**Goal of the exercise:**
If any record holds an image, omit the image and print the rest exactly.

**Study material:**
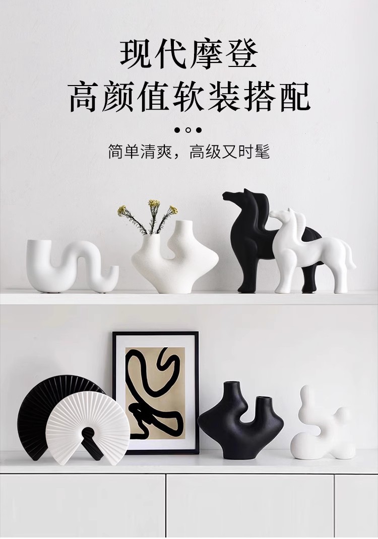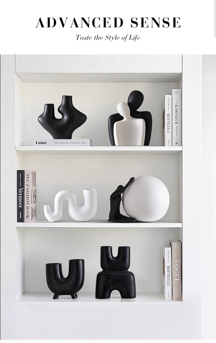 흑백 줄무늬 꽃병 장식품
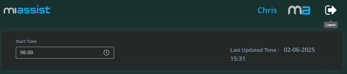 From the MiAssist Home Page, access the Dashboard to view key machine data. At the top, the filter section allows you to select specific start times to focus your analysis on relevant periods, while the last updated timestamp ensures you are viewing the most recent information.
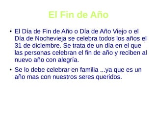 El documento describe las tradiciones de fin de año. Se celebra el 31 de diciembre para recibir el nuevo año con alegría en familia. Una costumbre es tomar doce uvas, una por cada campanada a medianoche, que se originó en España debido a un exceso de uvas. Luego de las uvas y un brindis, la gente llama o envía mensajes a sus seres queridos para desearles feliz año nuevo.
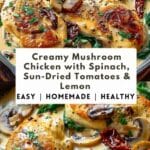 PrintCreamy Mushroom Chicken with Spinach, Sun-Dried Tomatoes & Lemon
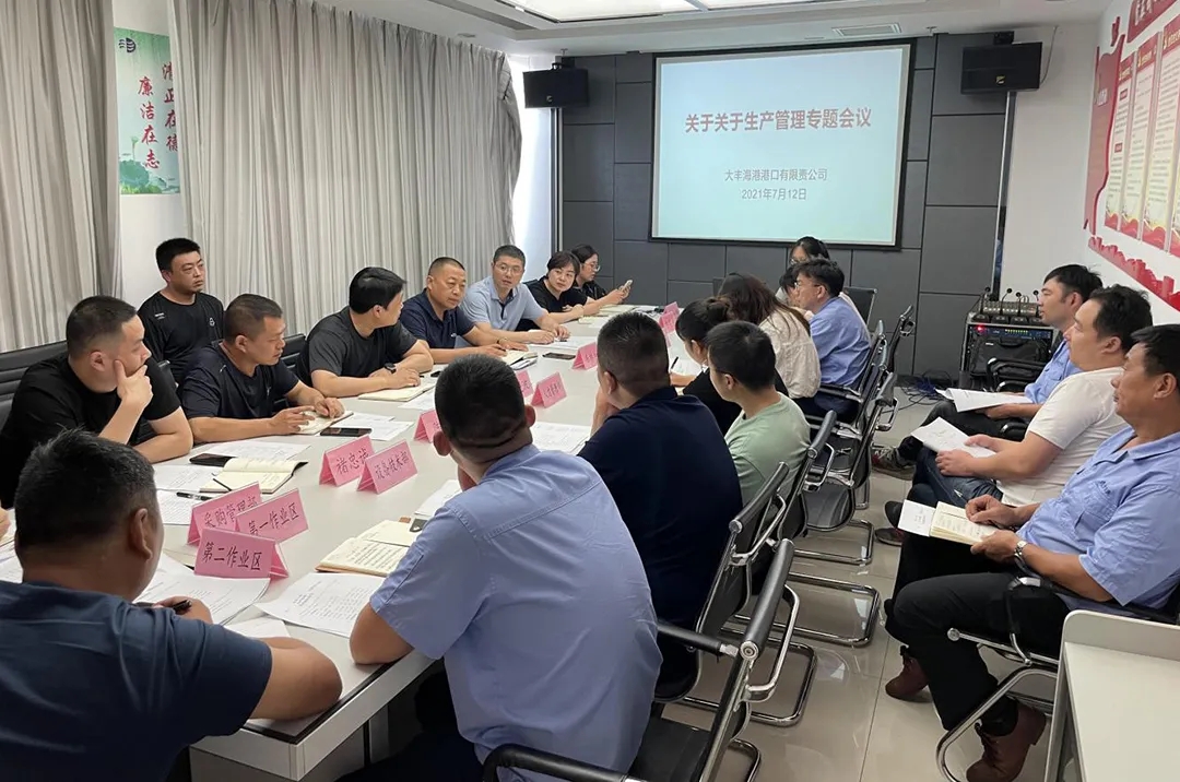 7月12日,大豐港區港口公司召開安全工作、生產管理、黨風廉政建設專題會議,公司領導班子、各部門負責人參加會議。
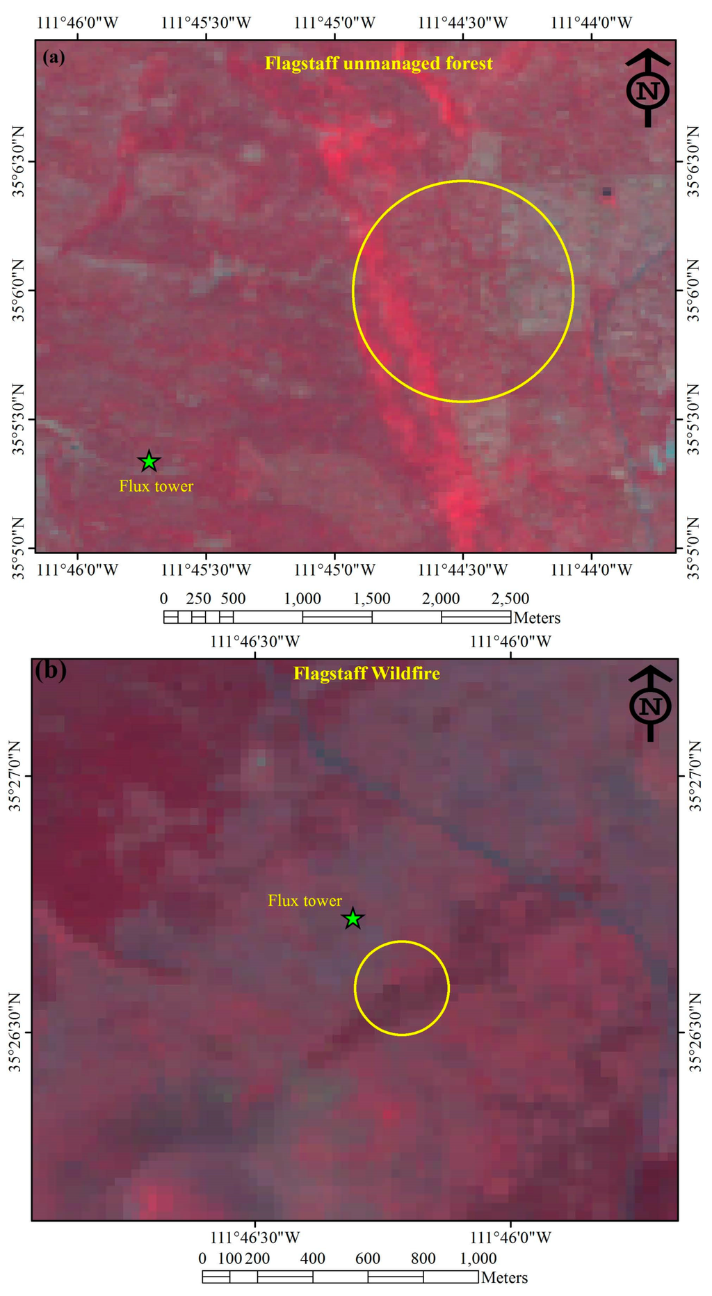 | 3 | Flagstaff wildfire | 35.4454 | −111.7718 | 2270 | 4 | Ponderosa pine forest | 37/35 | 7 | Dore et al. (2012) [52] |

**Problem solution:**
 흑백 줄무늬 꽃병 장식품
 From the MiAssist Home Page, access the Dashboard to view key machine data. At the top, the filter section allows you to select specific start times to focus your analysis on relevant periods, while the last updated timestamp ensures you are viewing the most recent information.
 El documento describe las tradiciones de fin de año. Se celebra el 31 de diciembre para recibir el nuevo año con alegría en familia. Una costumbre es tomar doce uvas, una por cada campanada a medianoche, que se originó en España debido a un exceso de uvas. Luego de las uvas y un brindis, la gente llama o envía mensajes a sus seres queridos para desearles feliz año nuevo.
 PrintCreamy Mushroom Chicken with Spinach, Sun-Dried Tomatoes & Lemon
 7月12日,大豐港區港口公司召開安全工作、生產管理、黨風廉政建設專題會議,公司領導班子、各部門負責人參加會議。
 | 3 | Flagstaff wildfire | 35.4454 | −111.7718 | 2270 | 4 | Ponderosa pine forest | 37/35 | 7 | Dore et al. (2012) [52] |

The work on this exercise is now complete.